(Source data)
+ + + +

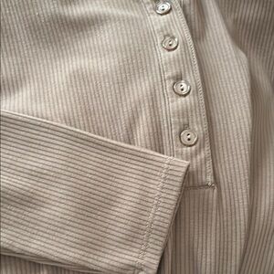 Elevate your wardrobe with this stylish ribbed button-up top. Perfect for any occasion, this tan top offers both comfort and elegance.
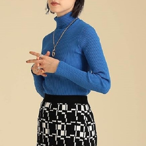 好評のリブタートルニット。シンプルながらも使い勝手の良いアイテムで、幅広いコーディネートで使える1枚です。スタイリングに合わせやすいベーシックなデザインで、インナーとしてはもちろん、1枚で着ても◎。
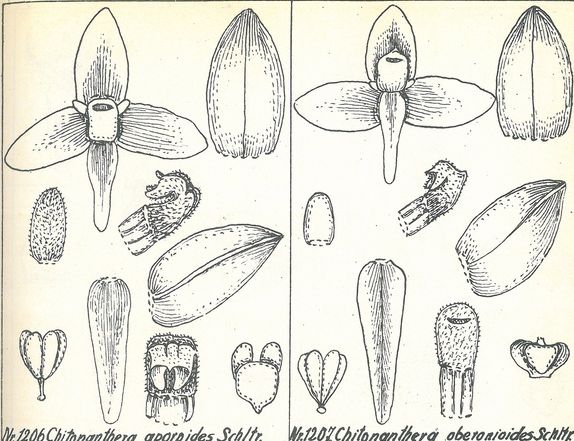 References W3 Tropicos, Kew Monocot list , IPNI ; Orchidaceae of German New Guinea Schlechter 1913 as Chitonanthera aporoides drawing fide; Orchidaceae of German New Guinea Schlechter 1913 as Chitonanthera oberonoides drawing fide
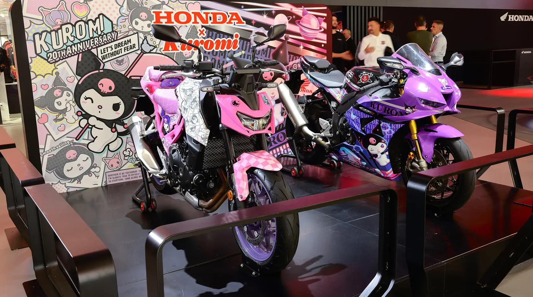 The world's largest two-wheeler exhibition, EICMA in Milan, Italy, welcomed another two guests this year: two special Honda x Kuromi bikes, which appeared at the Honda booth. The large-type bikes — CBR1000RR-R FIREBLADE and the CB750 Hornet — are both extremely popular in Europe, with the former a circuit-ready model and the latter designed for the street. Both bikes received the Kuromi wrapping treatment to make them look fresh and poppin', and get the global audience hyped up for a Kuromified bike of their own.
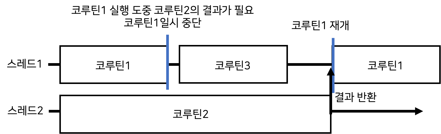 1. 코루틴1이 생성돼 스레드1에 실행 요청되고, 코루틴2가 생성돼 스레드2에 실행 요청된다. 스레드1에서 코루틴1 실행 도중 나머지 연산에 코루틴2로부터의 결과가 필요해진다. 하지만, 코루틴2의 작업이 끝나지 않아 코루틴1의 작업을 마저할 수 없다. 이때 코루틴1은 스레드1을 블로킹 하는 대신 사용 권한을 양보하고 다른 코루틴이 스레드 위에서 실행될 수 있도록 한다.
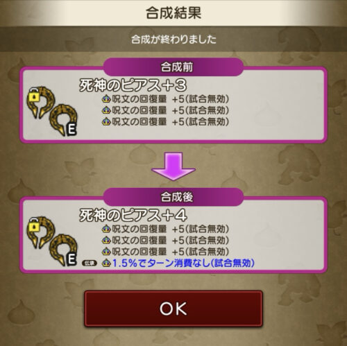 死神スライダークから手に入る回復量を上げれたり、ターン消費をなくせたりする死神のピアスと…
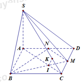 Cho hình chóp S.ABCD có đáy ABCD là hình chữ nhật cạnh, \(AB=a\sqrt{2},\,\,BC=a\). Cạnh bên SA vuông góc với đáy, SA = BC. Gọi M là trung điểm của CD. Tính khoảng cách giữa hai đường thẳng SC và BM.
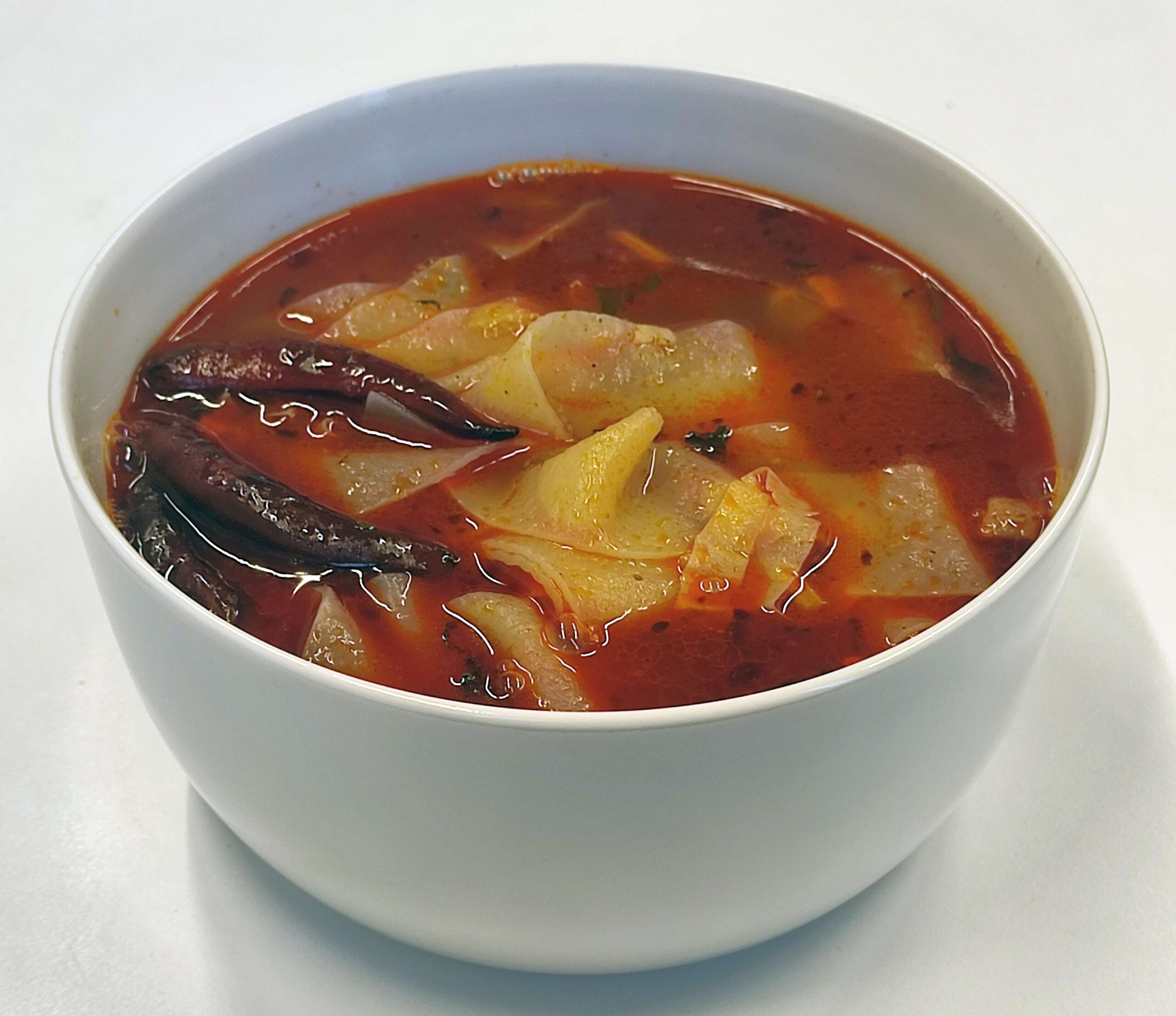 Riecht nach einer gut gewürzten Rinderbrühe, obenauf schwimmen die Chilischoten und rötliches Öl.
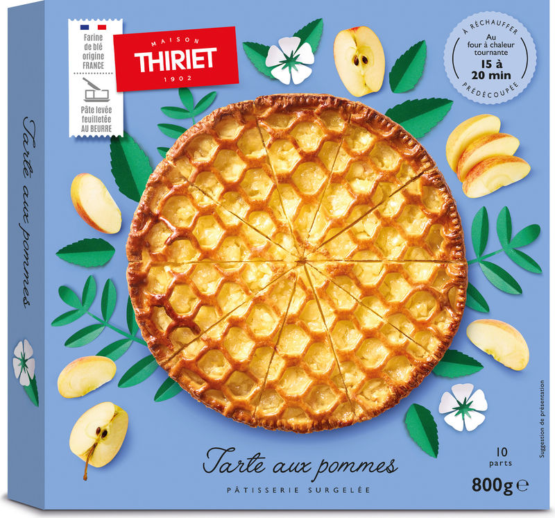 Indulge in the delightful taste of Maison Thiriet's Pre-Cut Apple Pie. A masterful blend of succulent apples at 47%, combined with premium wheat flour, sugar, and a pinch of special baker's yeast creates this traditional French delicacy. The pie also packs a punch of dairy richness with reconstituted whole milk powder, concentrated butter, and fresh eggs. With a hint of citric and ascorbic acid for a balanced taste, this frozen dessert is perfect for bringing a touch of French indulgence to your table.
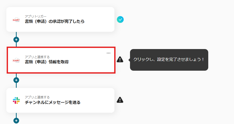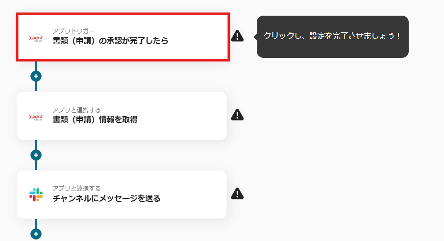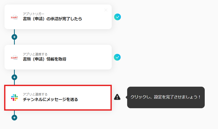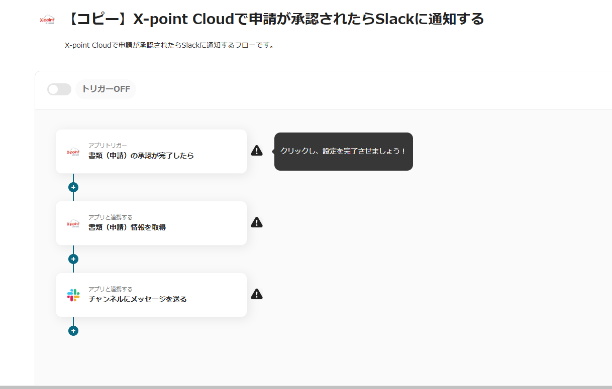 これで【X-point Cloudで申請が承認されたらSlackに通知する】というフローが完成です。
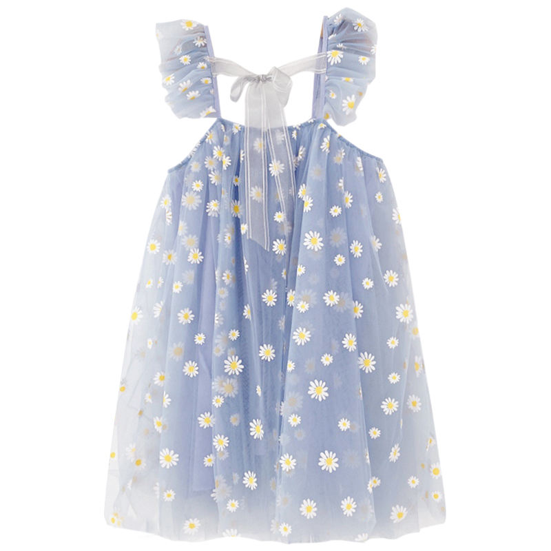 Nouvelle robe en mousseline de soie à imprimé floral avec volants et bretelles, style mignon pour bébé fille princesse
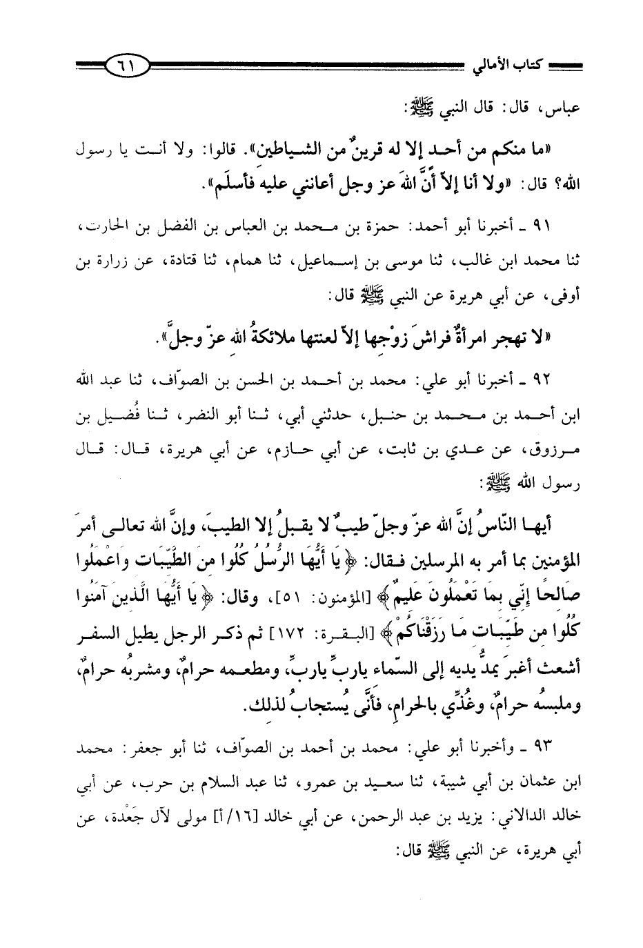 91 - أَخْبَرَنَا أَبُو أَحْمَدَ حَمْزَةُ بْنُ مُحَمَّدِ بْنِ الْعَبَّاسِ بْنِ الْفَضْلِ بْنِ الْحَارِثِ، ثنا مُحَمَّدُ بْنُ غَالِبٍ، ثنا مُوسَى بْنُ إِسْمَاعِيلَ، ثنا هَمَّامٌ، ثنا قَتَادَةُ، عَنْ زُرَارَةَ بْنِ أَوْفَى، عَنْ أَبِي هُرَيْرَةَ، عَنِ النَّبِيِّ، صَلَّى اللَّهُ عَلَيْهِ وَسَلَّمَ قَالَ: §«لَا تَهْجُرُ امْرَأَةٌ فِرَاشَ زَوْجِهَا إِلَّا لَعَنَتْهَا مَلَائِكَةُ اللَّهِ عَزَّ وَجَلَّ»
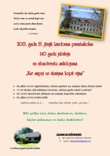 Lazdonas pamatskolas 140 gadu jubileja un absolventu salidojums
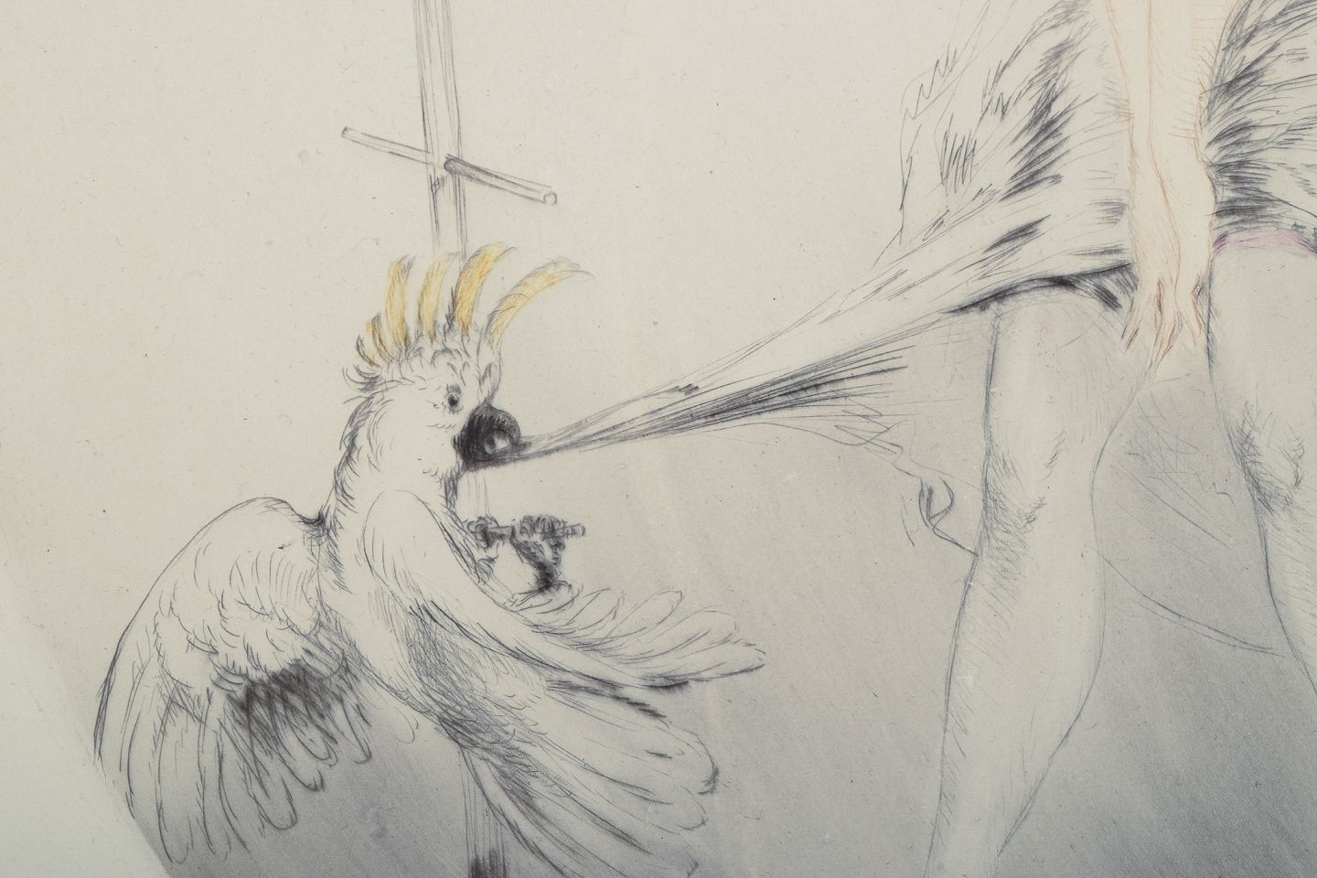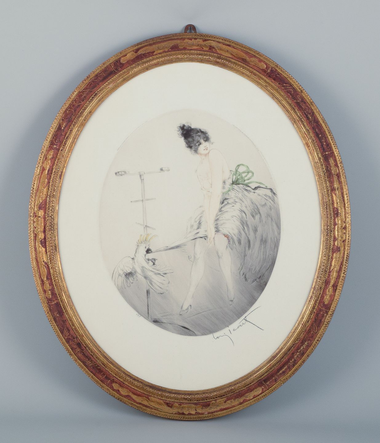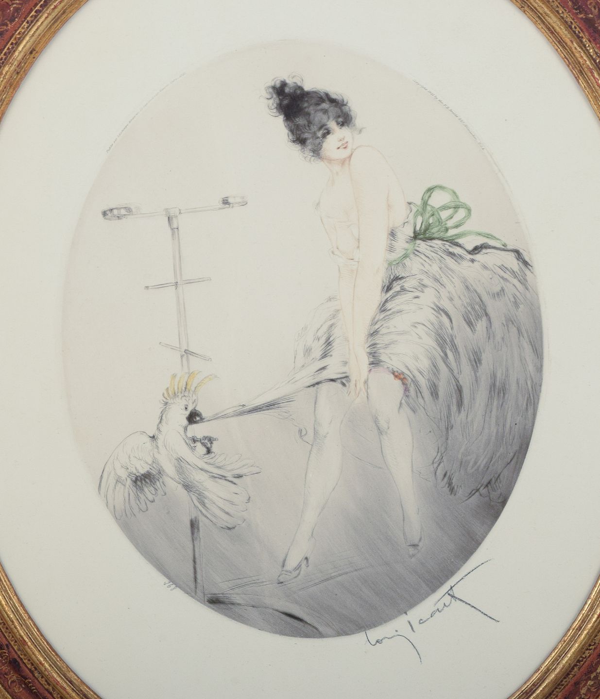 Louis Icart (1888-1950). Radering på papir. Letpåklædt kvinde og kakadue.
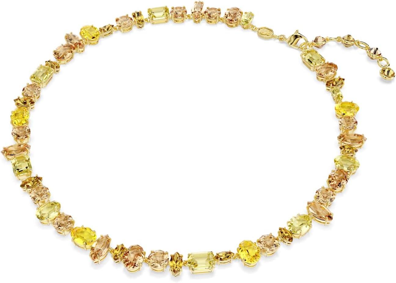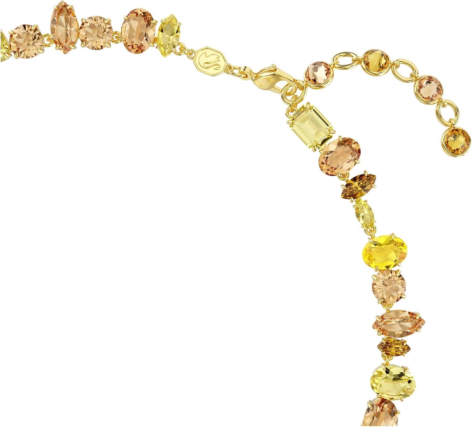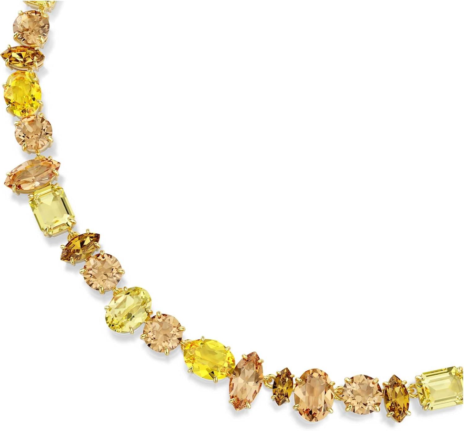 Swarovski Gema Tennis necklace, Mixed cuts, Yellow, Gold-tone plated
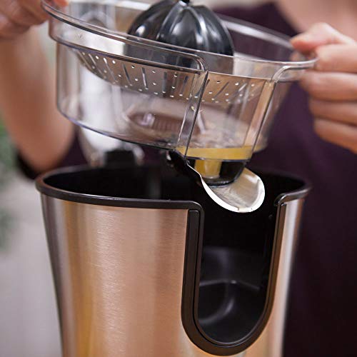 - Exprimidor eléctrico para naranjas y cítricos con 40 W de potencia. Filtro de acero inoxidable, más fácil de limpiar y apto para lavavajillas.
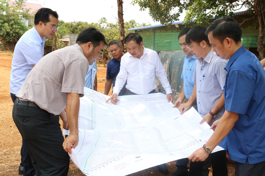 Phó Bí thư huyện uỷ, Chủ tịch UBND huyện Vũ Văn Mười cùng lãnh đạo các phòng chuyên môn khảo sát thực địa dự án trung tâm hành chính xã Đường 10
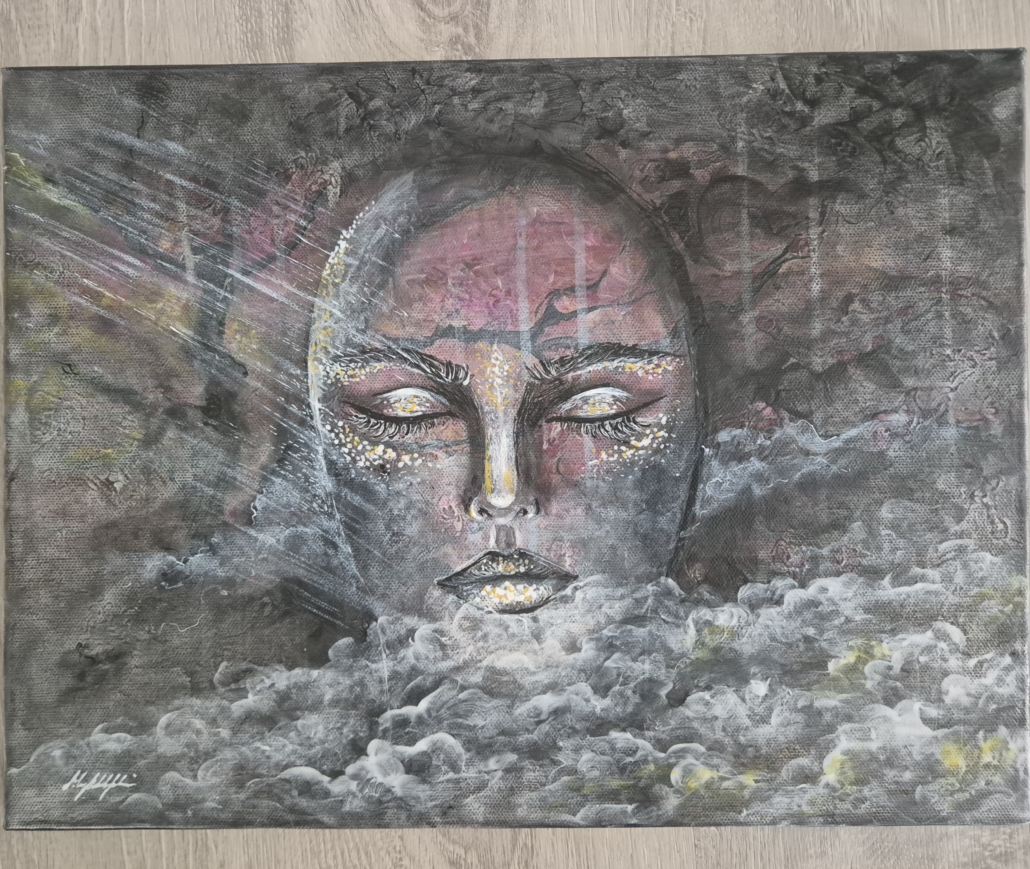 Silent Awakening is an original acrylic painting that invites the viewer into a moment of deep calm and spiritual renewal.
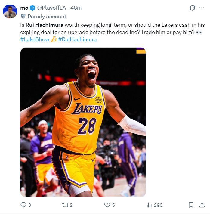 湖人媒體:此役打完後大家覺得八村是否值得球隊長期留用?還是說湖人該在交易截止日前利用他的合同進行交易換取更好的球員?還是繼續留着跟他續約?
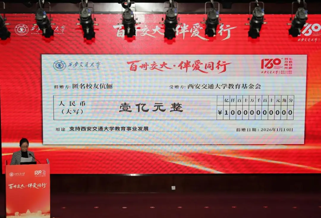 1月10日,西安交通大学“百卅交大·伴爱同行”捐赠仪式在兴庆校区举行。其中,西安交通大学校友伉俪,怀揣着对母校深沉的爱,匿名慷慨捐赠1亿元。
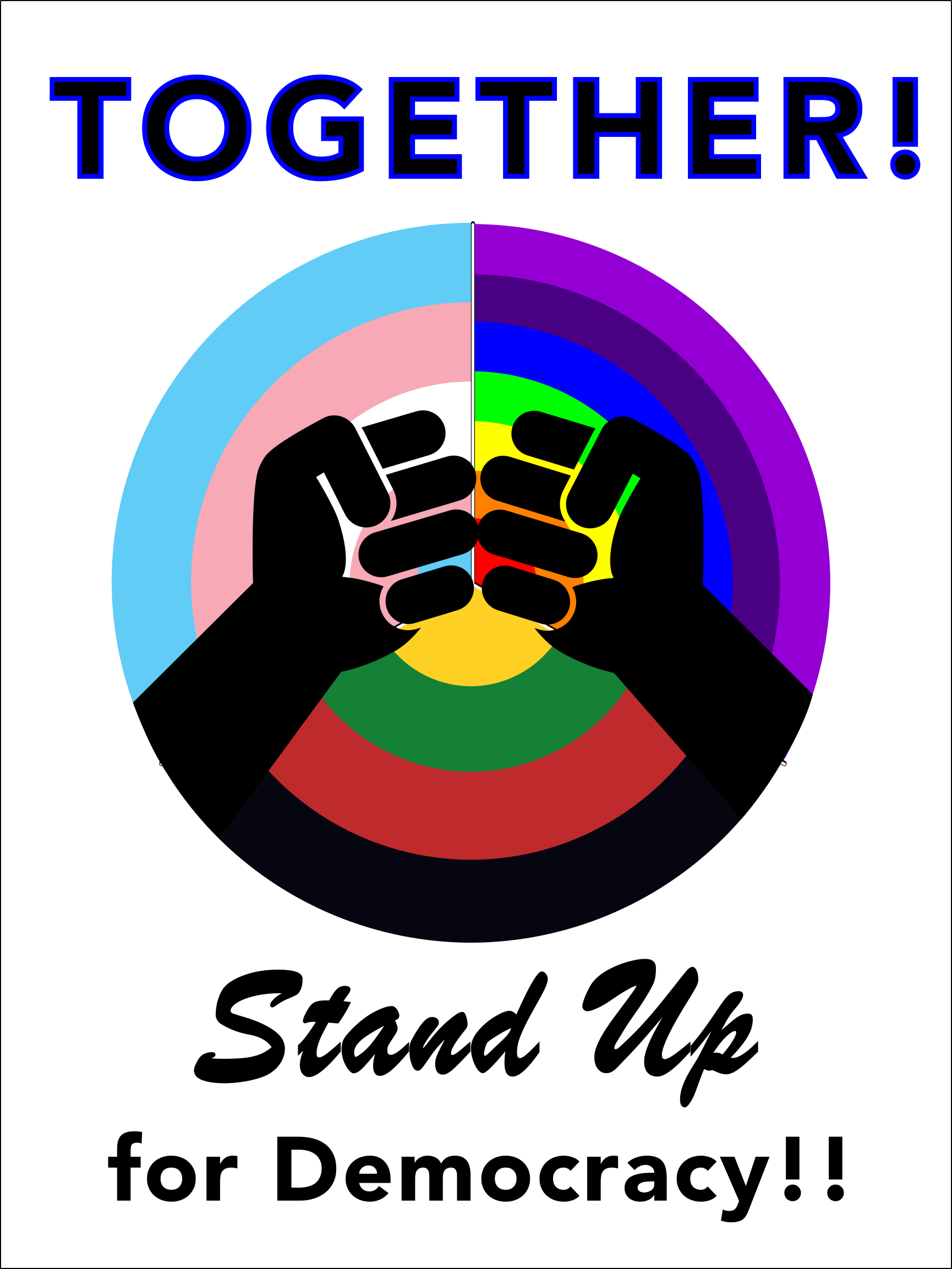 SIGN: “TOGETHER! Stand UP for Democracy.” 18”x24” portrait orientation. CLICK HERE to download the full size files.

+ + + +

Reproduce exactly the lines of the entries above from the first through the line with "References W3 Tropicos, Kew", both included; pictures should not be reproduced.

# [COMPLETED TASK]
 Elevate your wardrobe with this stylish ribbed button-up top. Perfect for any occasion, this tan top offers both comfort and elegance.
 好評のリブタートルニット。シンプルながらも使い勝手の良いアイテムで、幅広いコーディネートで使える1枚です。スタイリングに合わせやすいベーシックなデザインで、インナーとしてはもちろん、1枚で着ても◎。
 References W3 Tropicos, Kew Monocot list , IPNI ; Orchidaceae of German New Guinea Schlechter 1913 as Chitonanthera aporoides drawing fide; Orchidaceae of German New Guinea Schlechter 1913 as Chitonanthera oberonoides drawing fide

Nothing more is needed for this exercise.